[ABOUT THIS EXERCISE]: Give the data again exactly as it appears, excluding any pictures.
PROVIDED MATERIAL: Begin
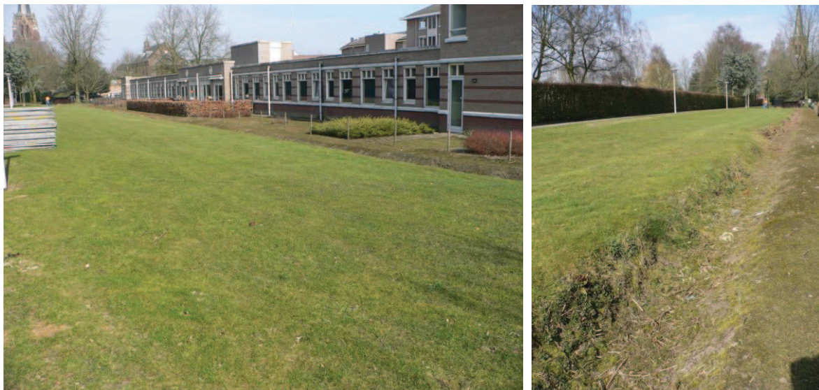
Figuur 2: Overzicht van het terrein.
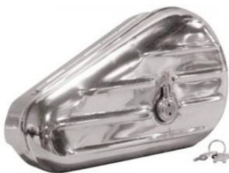
Caixa de Ferramentas Cromada Capa Estriada Estilo Anos 40/50 Lado Esquerdo Harley 64207-89 A 26211 R$779,07
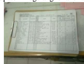
Gambar 2. Daftar Catatan Permintaan Darah
PROVIDED MATERIAL: End
[EXERCISE RESPONSE]:
Figuur 2: Overzicht van het terrein.
Caixa de Ferramentas Cromada Capa Estriada Estilo Anos 40/50 Lado Esquerdo Harley 64207-89 A 26211 R$779,07
Gambar 2. Daftar Catatan Permintaan Darah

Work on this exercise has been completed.